Image of von Neumann-Bounded Set under Equicontinuous Family of Linear Transformations is Contained in von Neumann-Bounded Set
Theorem
Let $\GF \in \set {\R, \C}$.
Let $X$ and $Y$ be a topological vector space over $\GF$.
Let $\family {T_\alpha}_{\alpha \in I}$ be an equicontinuous family of linear transformations.
Let $E \subseteq X$ be von Neumann-bounded.
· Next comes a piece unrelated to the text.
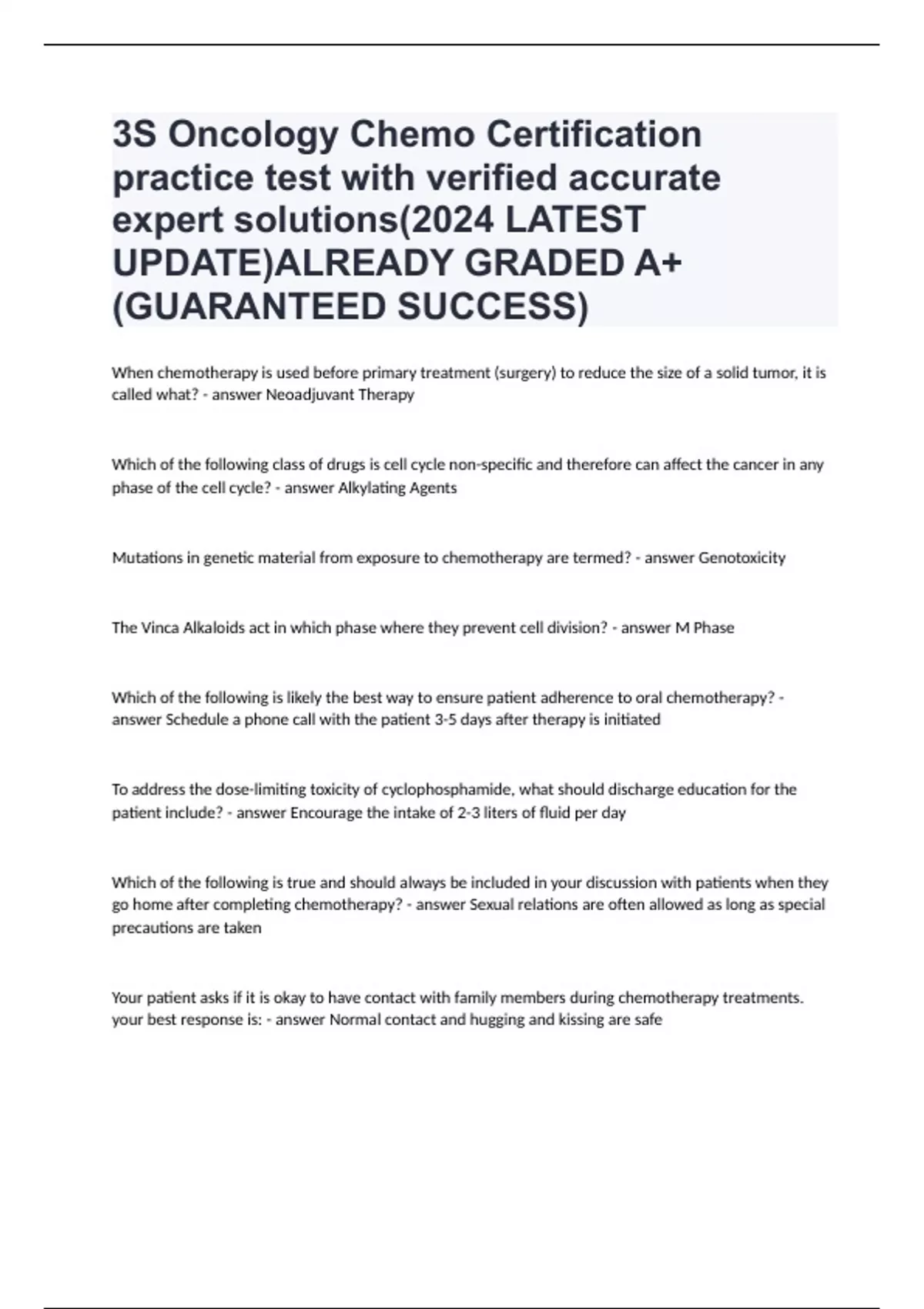3S Oncology Chemo Certification practice test with verified accurate expert solutions(2024 LATEST UPDATE)ALREADY GRADED A+(GUARANTEED SUCCESS)
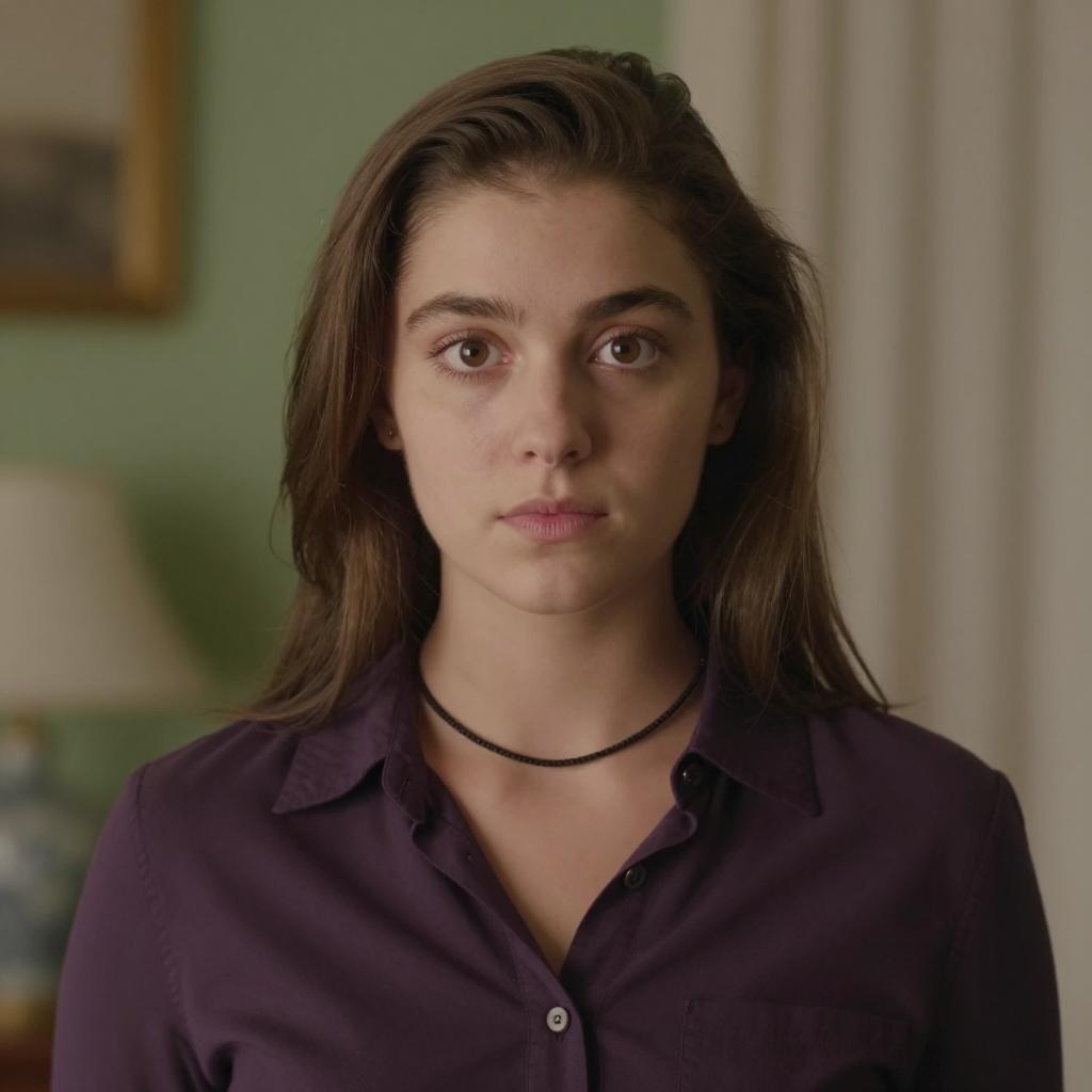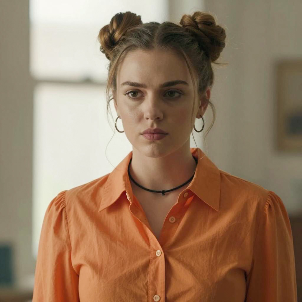 Young woman with light skin, brown hair, white lace dress, wide-eyed expression. Blue, bald, headless man with white face, surprised expression. Dark, blurred background with warm lights. Woman in center, headless man to the left. Foreground has indistinct objects.

Then there exists a von Neumann-bounded set $F \subseteq Y$ such that:
- $T_\alpha \sqbrk E \subseteq F$ for each $\alpha \in I$.
Proof
Let:
- $\ds F = \bigcup_{\alpha \mathop \in I} T_\alpha \sqbrk E$
Then $T_\alpha \sqbrk E \subseteq F$ for each $\alpha \in I$.
It is enough to show that $F$ is von Neumann-bounded.
Let $W$ be an open neighborhood of $\mathbf 0_Y$.
Since $\family {T_\alpha}_{\alpha \in I}$ is equicontinuous, there exists an open neighborhood $V$ of $\mathbf 0_X$ such that:
- $T_\alpha \sqbrk V \subseteq W$ for each $\alpha \in I$.
Since $E$ is von Neumann-bounded, there exists $s > 0$ such that for all $t > s$ we have $E \subseteq t W$.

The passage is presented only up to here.